1. Aspirin combined with warfarin was linked with increased bleeding but not less thromboembolism compared with aspirin alone after bioprosthetic aortic valve replacement.
2. Dual antiplatelet therapy showed a non-significant trend towards increased bleeding but no less thromboembolism compared with aspirin alone after bioprosthetic aortic valve replacement.
Evidence Rating Level: 2 (Good)
Study Rundown: Bioprosthetic aortic valve replacements (bAVR) have become more commonly performed over the last two decades. One of the most feared postoperative complications is thromboembolism. Currently, guidelines vary regarding optimal antithrombotic therapy for these patients. In this large, retrospective cohort study involving almost exclusively male patients, aspirin plus warfarin was linked with higher rates of bleeding events at 90 days however no less thromboembolism or all-cause mortality when compared with aspirin alone after bAVR. Dual antiplatelet therapy showed a similar pattern however the increased rate of bleeding did not reach statistical significance.
The large sample size supports this study’s findings, however the almost entirely male population is a significant limitation in generalizing the findings to female patients. Furthermore, as aspirin is available over the counter, it is possible that the rates of aspirin use were underestimated. Finally, although thromboembolism risk is highest post-operatively, the follow-up period was short and it is possible that differences may have emerged in the longer term.
Click to read the study in JAMA Surgery
Relevant Reading: High risk of thromboemboli early after bioprosthetic cardiac valve replacement
In-Depth [retrospective cohort]: This was a retrospective cohort study using data from the Veterans Health Administration (VHA) using text mining of notes for patients with bioprosthetic aortic valve replacements (bAVR) performed between 2005 and 2015. The primary intervention was antithrombotic therapy post bAVR split into aspirin plus warfarin, aspirin only, dual antiplatelet therapy, no antithrombotics, other only, and warfarin only. Multivariate modelling with propensity scores was used to adjust for differences (including history of atrial fibrillation) in the three most common strategies; aspirin alone, aspirin plus warfarin, and dual antiplatelet therapy.
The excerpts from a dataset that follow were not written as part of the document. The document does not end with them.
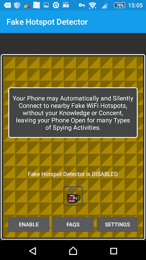 Ta aplikacja zostanie wykryta - i ostrzega Cię - gdy telefon łączy się z fałszywym hotspotem typu 2 i 3 powyżej, umożliwiając wyłączenie połączenia
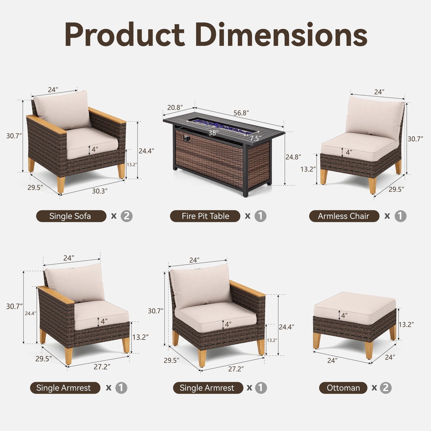 GREEN PARTY 7 Pieces Wicker Patio Furniture Set with 56" Fire Pit Table, All-Weather Outdoor Rattan Patio Sectional Sofa Conversation Set 7 Seats with 4" Thick Cushions for Garden, Backyard
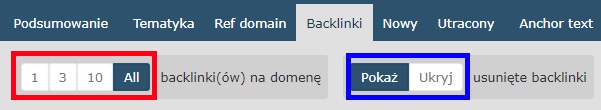 Po przejrzeniu części z nich możemy wygenerować raport na podstawie jednego, trzech, dziesięciu lub wszystkich backlinków na domenę (czerwona ramka). Możemy również stworzyć listę bogatszą o linki już nieistniejące na danych stronach (niebieska ramka).
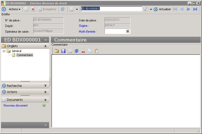 Cette zone permet d'enregistrer un commentaire pour la pièce d'entrée ou de sortie de stock. |
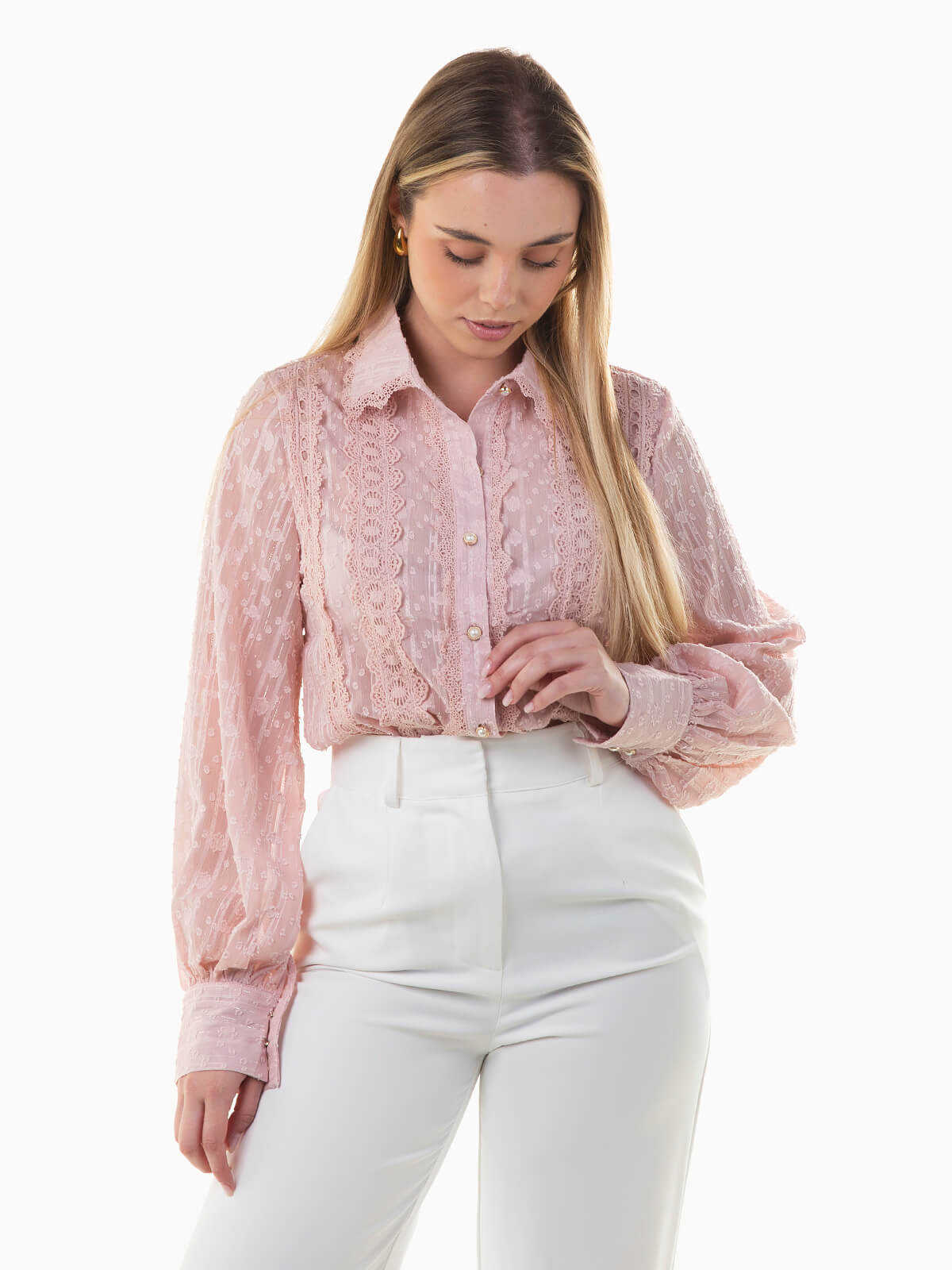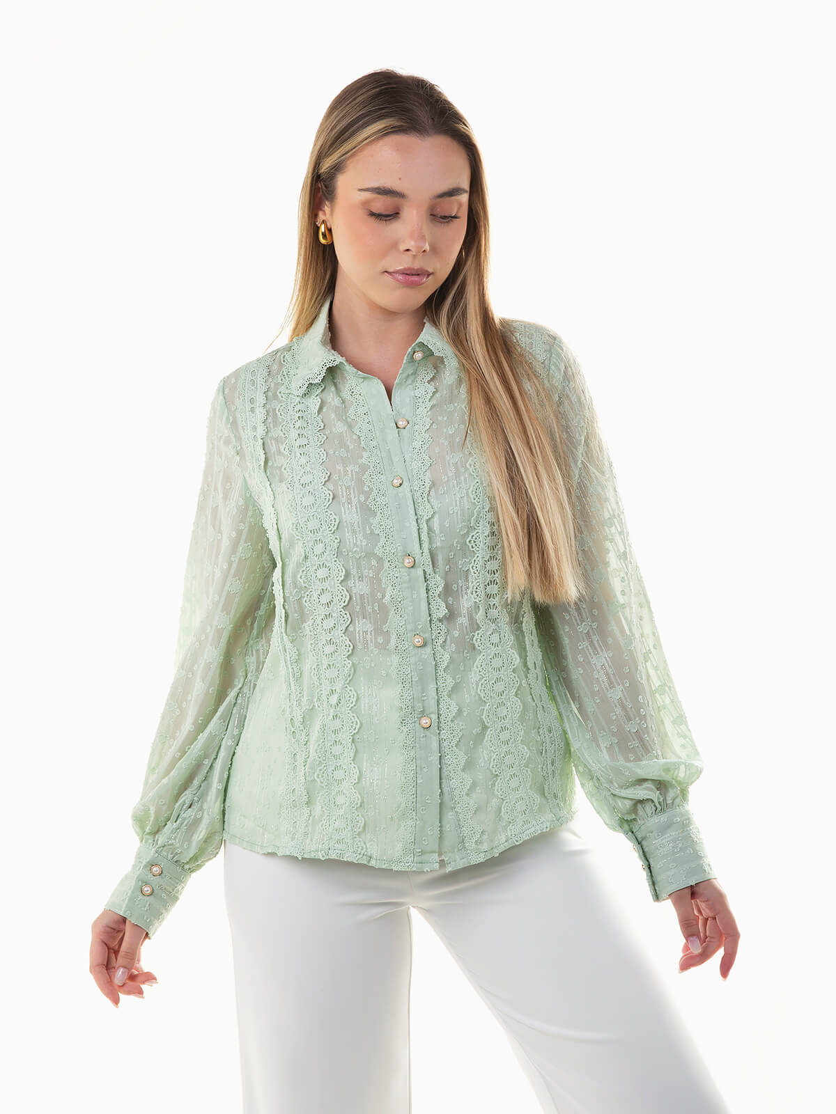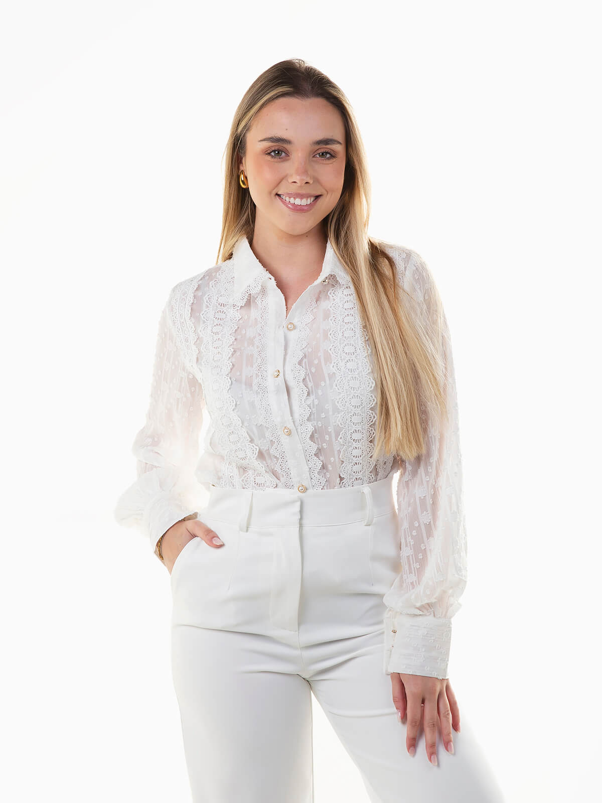 Camisa semitransparente combinado com pormenores em renda e fio luréx para efeito brilhante. Camisa romântica manga comprida com punhos elásticos e gola abas. Aperto frontal de botões de pérolas.
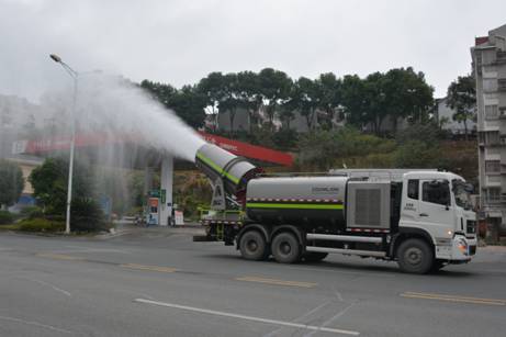 本网讯(通讯员 李琳)近日,夷陵区平湖大道上,一辆多功能抑尘车正在缓慢地行驶,只见此车车身很长,车尾装载着一个“大炮”不断地喷射出浓浓的“水雾”。
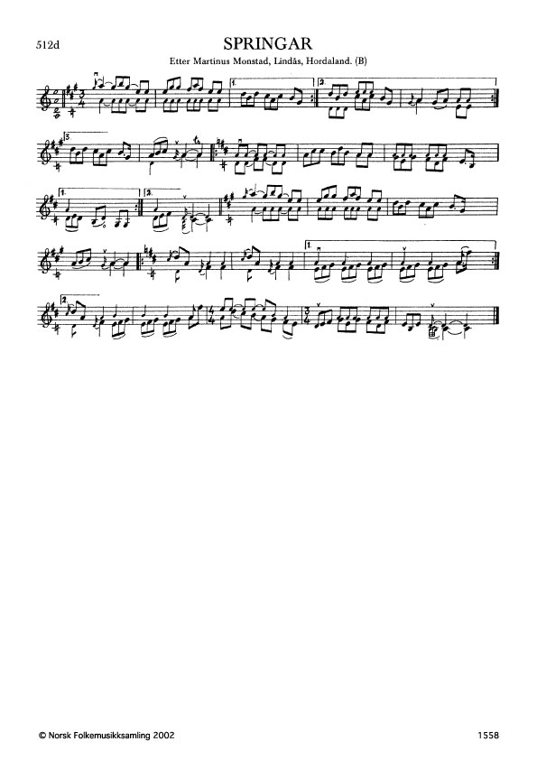 Springar. Etter Martinus Monstad, Lindås, Hordaland. B. 419, 1918. Monstad hadde lært slåtten av Helge S. Stortveit, Fana, i 1870-åra. Denne hadde han frå ein gamal spelemann som heitte Mons Milde. Han var frå Voss, men var busett på Milde i Fana. Dei kalla han og Mons i Åsen.

Aspirin alone was used as the reference category. VHA and non-VHA pharmacy data was used to assess antithrombotic strategy. Primary outcomes (measured at 90 days) included all-cause mortality, thromboembolism risk (myocardial infarction, acute coronary syndrome, ischemic stroke, pulmonary embolism, or peripheral arterial embolism), and bleeding events (gastrointestinal, intracranial, genitourinary, retroperitoneal, and pulmonary) using primary diagnosis codes from emergency department visits or hospital admissions.
There were 9060 patients in this cohort, notably 98.6% were male. Patients with prior major bleeding were less likely to be prescribed aspirin or warfarin after bAVR. Aspirin alone was the most common strategy (48.6%), followed by aspirin plus warfarin (18.1%), no antithrombotics (16.0%), warfarin alone (4.8%), and other (3.1%). There was no difference in all-cause mortality at 90 days, with aspirin alone at 1.3%, aspirin plus warfarin at 1.6%m and dual antiplatelets at 1.2%. There was no difference in thromboembolism at 90 days, with aspirin alone at 1.5%, aspirin plus warfarin at 1.7% , and dual antiplatelets at 1.9%. Aspirin plus warfarin was more likely to cause bleeding events at 90 days at 2.8% (aOR 1.92, 95% CI 1.17-3.14, p=0.01) compared with aspirin alone at 1.1%. Dual antiplatelet therapy showed a non-significant trend towards more bleeding events compared with aspirin alone (aOR 1.86, 95% CI 0.95-3.63, p=0.07).